__YOUR TASK__. Leaving out all images, write out the records that follow exactly.

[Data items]
↓↓↓

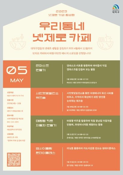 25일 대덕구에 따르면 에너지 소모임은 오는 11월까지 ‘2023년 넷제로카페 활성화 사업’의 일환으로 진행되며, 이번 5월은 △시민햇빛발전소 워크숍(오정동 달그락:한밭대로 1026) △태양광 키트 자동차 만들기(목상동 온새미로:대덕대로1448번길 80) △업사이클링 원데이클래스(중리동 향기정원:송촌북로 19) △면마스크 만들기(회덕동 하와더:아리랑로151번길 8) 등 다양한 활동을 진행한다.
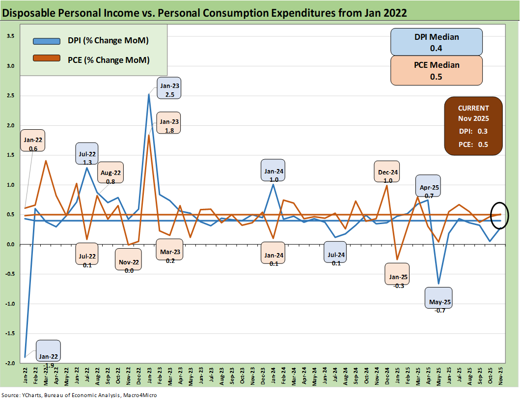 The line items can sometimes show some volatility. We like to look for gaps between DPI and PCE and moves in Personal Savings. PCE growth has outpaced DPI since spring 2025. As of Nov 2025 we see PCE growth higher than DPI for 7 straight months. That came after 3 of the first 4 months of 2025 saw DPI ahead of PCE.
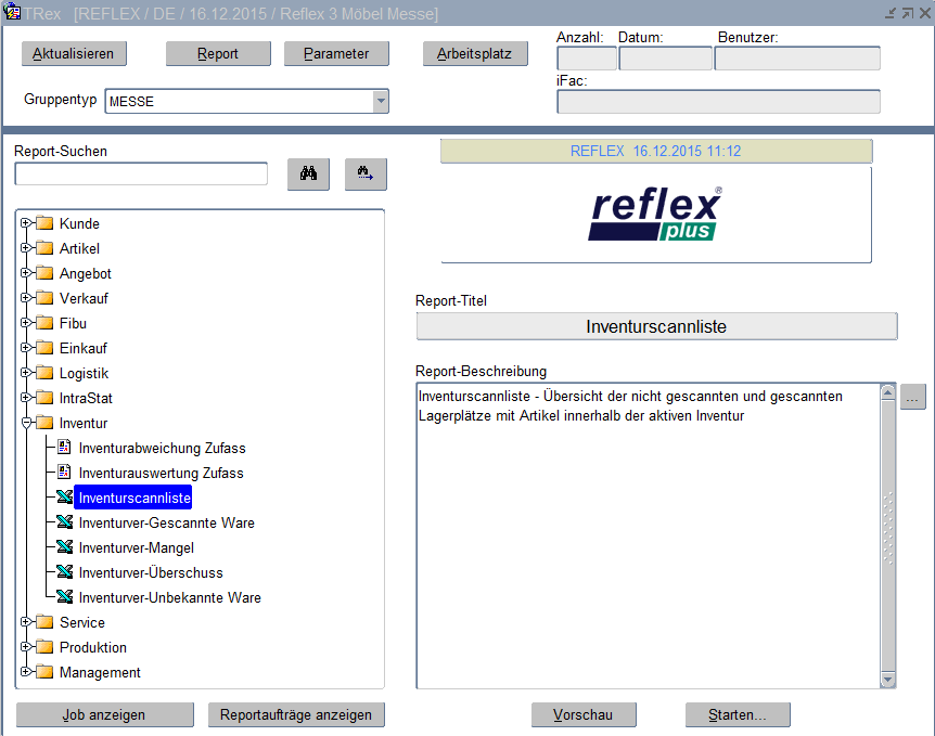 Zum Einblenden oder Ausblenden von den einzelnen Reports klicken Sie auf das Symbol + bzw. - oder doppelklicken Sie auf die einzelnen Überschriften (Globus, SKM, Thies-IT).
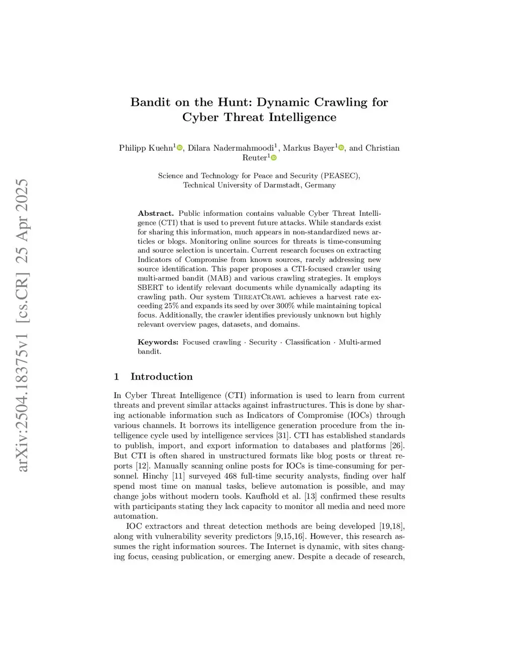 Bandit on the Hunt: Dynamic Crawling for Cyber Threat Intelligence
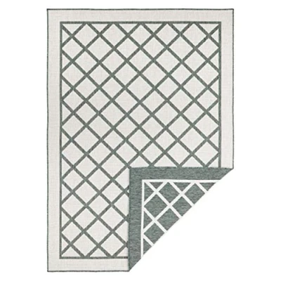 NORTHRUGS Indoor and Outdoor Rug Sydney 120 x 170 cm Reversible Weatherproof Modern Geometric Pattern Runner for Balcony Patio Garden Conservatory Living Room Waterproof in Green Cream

↑↑↑

__EXERCISE OUTPUT__.
 25일 대덕구에 따르면 에너지 소모임은 오는 11월까지 ‘2023년 넷제로카페 활성화 사업’의 일환으로 진행되며, 이번 5월은 △시민햇빛발전소 워크숍(오정동 달그락:한밭대로 1026) △태양광 키트 자동차 만들기(목상동 온새미로:대덕대로1448번길 80) △업사이클링 원데이클래스(중리동 향기정원:송촌북로 19) △면마스크 만들기(회덕동 하와더:아리랑로151번길 8) 등 다양한 활동을 진행한다.
 The line items can sometimes show some volatility. We like to look for gaps between DPI and PCE and moves in Personal Savings. PCE growth has outpaced DPI since spring 2025. As of Nov 2025 we see PCE growth higher than DPI for 7 straight months. That came after 3 of the first 4 months of 2025 saw DPI ahead of PCE.
 Zum Einblenden oder Ausblenden von den einzelnen Reports klicken Sie auf das Symbol + bzw. - oder doppelklicken Sie auf die einzelnen Überschriften (Globus, SKM, Thies-IT).
 Bandit on the Hunt: Dynamic Crawling for Cyber Threat Intelligence
 NORTHRUGS Indoor and Outdoor Rug Sydney 120 x 170 cm Reversible Weatherproof Modern Geometric Pattern Runner for Balcony Patio Garden Conservatory Living Room Waterproof in Green Cream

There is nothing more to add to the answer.